Learn what statistics and estimators are in preparation for understanding how they helped solve the “German tank problem” in World War II.
http://www.shutterstock.com/pic-127443647/stock-vector-data-analysis.html?src=HEQViHQALBGWHPLoFdvnjg-1-2Sometimes statistics* seems magical. Of course, there isn’t really anything magical going on—but the fact that statistical methods can be used to pull useful information out of a hatful of messy data is, at a minimum, remarkable. And, as we’ll talk about today and next time, it’s extremely useful too.
Before we get started, I want to point out that the things called statistics that we’re going to talk about today are a part of, but different than the field of statistics, which is the science of collecting, sorting, organizing, and generally making sense of data.

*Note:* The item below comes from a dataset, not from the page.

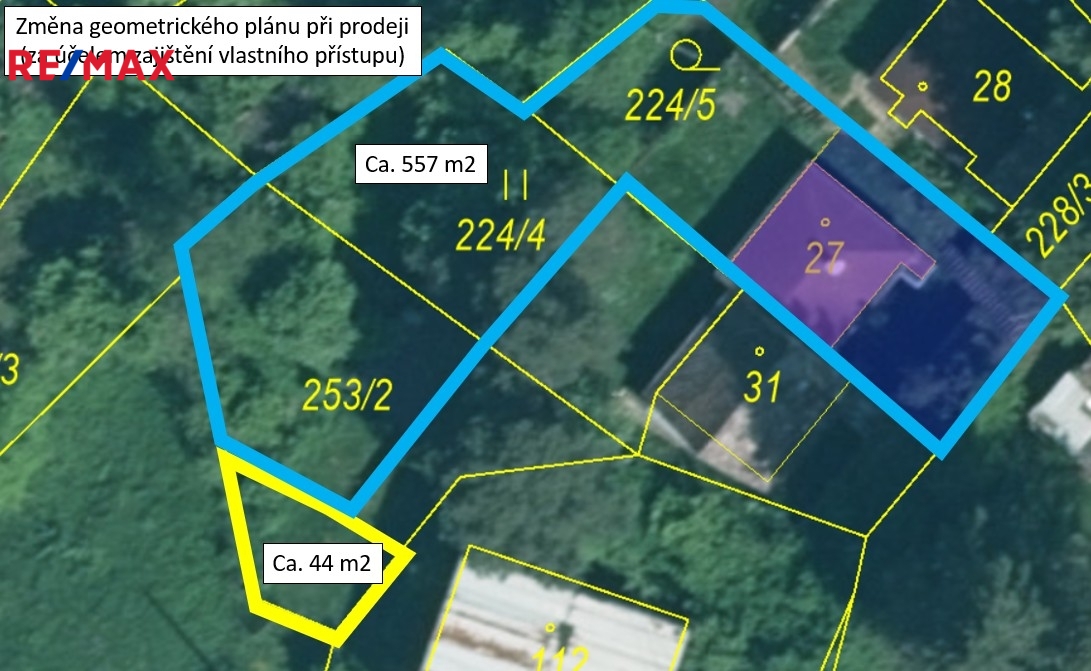 Při prodeji dojde k úpravě hranice pozemků tak, aby byl k prodávané nemovitosti zajištěn vlastní přístup - viz. přiložený obrázek: prodáván je tedy modře ohraničený pozemek (557 m2) a ideální polovina na žlutě ohraničeném pozemku (44 m2).

A Statistical Thought Experiment
Okay, with that out of the way, let’s start off with a thought experiment. Imagine you’re handed a bag containing a bunch of tiles that are all carved into the shapes of integers. Someone else prepared the bag, so you have no idea how many total integer tiles are in it. You do, however, know that the first tile put in the bag was shaped like the number 1, the second like the number 2, and so on, and that the last tile put in the bag was, therefore, in the shape of the total number of tiles. Your task in this experiment is to randomly pull six integer tiles out of the bag, and then to use these integers to estimate the total number of tiles in the bag (which, remember, you don’t know beforehand). And, if you think about it for a minute, you’ll see that this is identical to asking you to estimate the value of the largest integer in the bag. So, how do you do it? No big surprise, the answer has something to do with today’s main topics: statistics and estimators.
What is a Statistic?
A statistic is a quantity calculated from a sample of data that tells us something about the properties of that sample. To help us better understand what this means, let’s go back and think about the bag of integer shaped tiles. In that example, the entire group of integers in the bag is called the “population,” and the six integers you pulled out of the bag are called a “sample.” There are, of course, many possible samples besides the one you pulled. For example, you could have pulled six entirely different integers. That still would have been a sample drawn from the population, but it would have been a different sample. So, in this case, a statistic is some number you can calculate from the six integers you pulled out of the bag that tells you something about those numbers.
Okay, so what does an actual statistic look like? Well, the minimum value of your six integer sample is one example of a statistic, and the maximum value of that sample is another. And, these statistics can be used to infer information about the six integer sample. For example, if you subtract the minimum value from the maximum value, you learn the range of the sample. Neither of these statistics is very useful for inferring information about the population of tiles as a whole though. For example, the range of the entire population could be very different than the range of the sample, since the bag could contain much higher or lower integers than are contained in the sample. So, is there some way to learn about an entire population from only a sampling of its data? There is—it’s called an estimator.